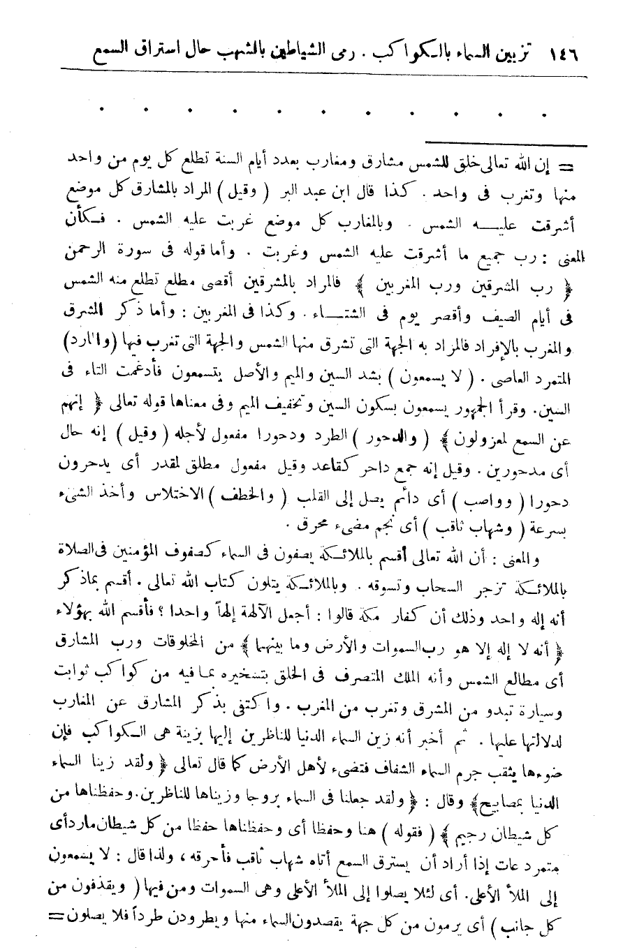 = إن الله تعالى خلق للشمس مشارق ومغارب بعدد ايام السنة تطلع كل يوم من واحد منها وتغرب فى واحد. كذا قال ابن عبد البر (وقيل) المراد بالمشارق كل موضع اشرقت عليه الشمس. وبالمغارب كل موضع غربت عليه الشمس. فكأن المعنى: رب جميع ما اشرقت عليه الشمس وغربت. وأما قوله فى سورة الرحمن " رب المشرقين والمغربين" فالمراد بالمشرقين أقصى مطلع تطلع منه الشمس فى ايام الصيف وأقصر يوم فى الشتاء وكذا فى المغربين: وأما ذكر المشرق والمغرب بالإفراد فالمراد به الجهة التى تشرق منها الشمس والجهة التى تغرب فيها (والمراد) المتمرد العاصى. (لا سمعون) بشد السين والميم والأصل يتسمعون فإدغمت التاء فى السين. وقرأ الجمهور يسمعون بسكون السين وتخفيف الميم وفى معناها قوله تعالى " إنهم عن السمع لمعزولون " (والدحور) الطرد ودحورا مفعول لاجله (وقيل) إنه حال أى مدحورين. وقيل إنه جمع داحر كقاعد وقيل مفعولا مطلق لمقدر أى يدحرون دحورا (وواصب) اى دائم يصل الى القلب (والخطف) الاختلاس واخذ الشئ بسرعة (وشهاب ثاقب) أى نجم مضئ محرق.
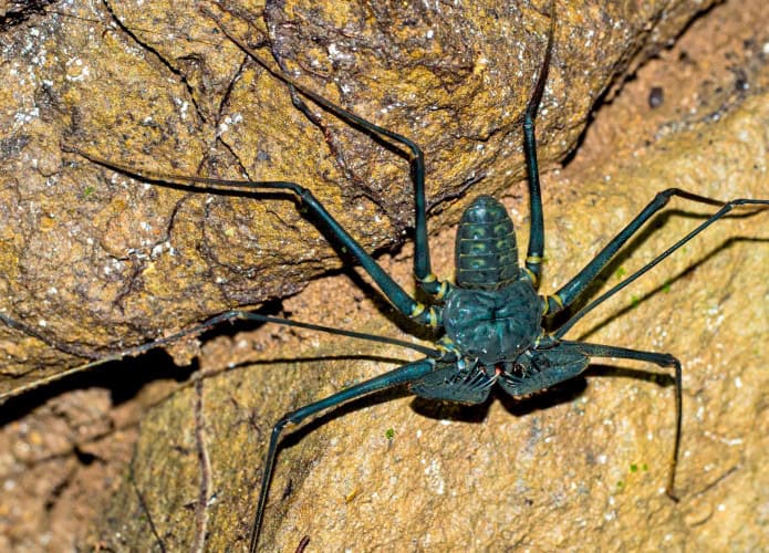 De acordo com o IFL Science, a característica mais marcante era um longo apêndice em forma de chicote na parte traseira, uma estrutura ausente em qualquer aranha conhecida hoje.
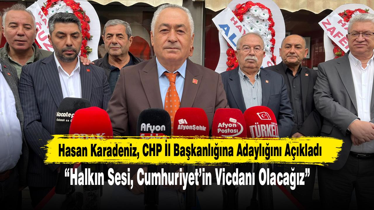Cumhuriyet Halk Partisi’ne gönül vermiş bir nefer olarak, yıllardır inandığım değerlere hizmet etmenin gururunu taşıdığını dile getiren Karadeniz, “Cumhuriyet Halk Partisi çatısı altında üye olmanın ve bu büyük ailenin bir parçası olarak iki dönem boyunca İl Yönetim Kurulu’nda İl Başkan Yardımcılığı yapmanın onurunu yaşadım. Bugün aynı inançla, aynı azimle, aynı yürekle Cumhuriyet Halk Partisi Afyonkarahisar İl Başkanlığına aday olduğumu huzurlarınızda açıklamanın gururunu taşıyorum. Değerli yol arkadaşlarım, 31 Mart 2024 yerel seçimleri sadece bir seçim değil; halkın yeniden ayağa kalktığı, inancın tazelendiği, kararlılığın güçlendiği bir dönüm noktası olmuştur. Genel Başkanımız Sayın Özgür Özel’in liderliğinde partimiz, başta İstanbul ve Ankara olmak üzere 14 büyükşehir, 21 il belediyesi ve toplamda 420 belediye kazanarak Türkiye’nin birinci partisi olmuştur. Bu büyük başarının en anlamlısı ve en gurur vereni hiç şüphesiz Afyonkarahisar’da yaşanmıştır. Yıllardır AKP’nin “sağın kalesi” olarak anılan bu şehirde Cumhuriyet Halk Partisi bir ilki başarmıştır. Dönemin partimizin Grup Başkanvekili ve Afyonkarahisar Milletvekili Sayın Burcu Köksal’ın öncülüğünde bu şehirde bir demokrasi destanı yazılmıştır.” diye konuştu.

■ Try it
Without the pictures, return the listing above from its first line through the line that has "De acordo com".

■ Solution for this exercise
 = إن الله تعالى خلق للشمس مشارق ومغارب بعدد ايام السنة تطلع كل يوم من واحد منها وتغرب فى واحد. كذا قال ابن عبد البر (وقيل) المراد بالمشارق كل موضع اشرقت عليه الشمس. وبالمغارب كل موضع غربت عليه الشمس. فكأن المعنى: رب جميع ما اشرقت عليه الشمس وغربت. وأما قوله فى سورة الرحمن " رب المشرقين والمغربين" فالمراد بالمشرقين أقصى مطلع تطلع منه الشمس فى ايام الصيف وأقصر يوم فى الشتاء وكذا فى المغربين: وأما ذكر المشرق والمغرب بالإفراد فالمراد به الجهة التى تشرق منها الشمس والجهة التى تغرب فيها (والمراد) المتمرد العاصى. (لا سمعون) بشد السين والميم والأصل يتسمعون فإدغمت التاء فى السين. وقرأ الجمهور يسمعون بسكون السين وتخفيف الميم وفى معناها قوله تعالى " إنهم عن السمع لمعزولون " (والدحور) الطرد ودحورا مفعول لاجله (وقيل) إنه حال أى مدحورين. وقيل إنه جمع داحر كقاعد وقيل مفعولا مطلق لمقدر أى يدحرون دحورا (وواصب) اى دائم يصل الى القلب (والخطف) الاختلاس واخذ الشئ بسرعة (وشهاب ثاقب) أى نجم مضئ محرق.
 De acordo com o IFL Science, a característica mais marcante era um longo apêndice em forma de chicote na parte traseira, uma estrutura ausente em qualquer aranha conhecida hoje.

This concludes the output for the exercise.